■ Task description
Every line of the material below, from the top through the line with "02-356 Bej Galata", should be reproduced exactly.

■ Exercise materials
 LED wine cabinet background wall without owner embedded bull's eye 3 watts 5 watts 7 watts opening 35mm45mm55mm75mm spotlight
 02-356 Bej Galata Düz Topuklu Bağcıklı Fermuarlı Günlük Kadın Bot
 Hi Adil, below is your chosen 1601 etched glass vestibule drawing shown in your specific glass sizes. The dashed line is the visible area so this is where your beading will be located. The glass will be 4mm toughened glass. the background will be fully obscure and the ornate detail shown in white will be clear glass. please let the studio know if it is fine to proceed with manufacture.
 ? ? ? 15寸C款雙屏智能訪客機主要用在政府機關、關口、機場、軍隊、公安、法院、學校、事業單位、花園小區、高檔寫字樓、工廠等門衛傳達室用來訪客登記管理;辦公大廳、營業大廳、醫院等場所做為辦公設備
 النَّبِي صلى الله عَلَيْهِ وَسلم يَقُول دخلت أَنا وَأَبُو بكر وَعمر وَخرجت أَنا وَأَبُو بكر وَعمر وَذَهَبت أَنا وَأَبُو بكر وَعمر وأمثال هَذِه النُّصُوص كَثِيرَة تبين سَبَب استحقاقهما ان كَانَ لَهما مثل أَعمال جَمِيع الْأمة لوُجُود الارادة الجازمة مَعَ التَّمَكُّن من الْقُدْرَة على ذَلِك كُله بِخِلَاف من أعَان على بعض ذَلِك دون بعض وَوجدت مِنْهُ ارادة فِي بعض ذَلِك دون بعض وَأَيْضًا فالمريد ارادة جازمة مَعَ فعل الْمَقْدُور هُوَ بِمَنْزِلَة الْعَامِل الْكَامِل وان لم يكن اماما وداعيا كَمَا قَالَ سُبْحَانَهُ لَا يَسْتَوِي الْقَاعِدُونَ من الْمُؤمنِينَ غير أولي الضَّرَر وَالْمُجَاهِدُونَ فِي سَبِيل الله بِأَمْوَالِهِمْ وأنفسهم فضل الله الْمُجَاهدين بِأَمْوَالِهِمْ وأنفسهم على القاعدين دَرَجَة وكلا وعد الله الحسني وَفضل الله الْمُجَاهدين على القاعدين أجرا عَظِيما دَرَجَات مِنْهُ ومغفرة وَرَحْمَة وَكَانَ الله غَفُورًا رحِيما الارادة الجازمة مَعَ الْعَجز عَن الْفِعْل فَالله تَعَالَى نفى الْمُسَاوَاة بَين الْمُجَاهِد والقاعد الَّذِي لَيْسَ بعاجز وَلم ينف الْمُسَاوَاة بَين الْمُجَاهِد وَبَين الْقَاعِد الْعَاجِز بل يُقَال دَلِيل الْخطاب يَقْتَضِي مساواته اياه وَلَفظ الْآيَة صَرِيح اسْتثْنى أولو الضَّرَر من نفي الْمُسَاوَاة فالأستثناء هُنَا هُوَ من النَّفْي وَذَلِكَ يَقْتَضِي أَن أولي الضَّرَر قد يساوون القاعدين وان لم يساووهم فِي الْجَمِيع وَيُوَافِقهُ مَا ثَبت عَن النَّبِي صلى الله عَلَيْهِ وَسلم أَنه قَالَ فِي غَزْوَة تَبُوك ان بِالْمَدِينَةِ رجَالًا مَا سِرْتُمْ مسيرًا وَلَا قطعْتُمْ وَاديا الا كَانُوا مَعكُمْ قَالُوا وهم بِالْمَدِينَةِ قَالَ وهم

■ Response below
 LED wine cabinet background wall without owner embedded bull's eye 3 watts 5 watts 7 watts opening 35mm45mm55mm75mm spotlight
 02-356 Bej Galata Düz Topuklu Bağcıklı Fermuarlı Günlük Kadın Bot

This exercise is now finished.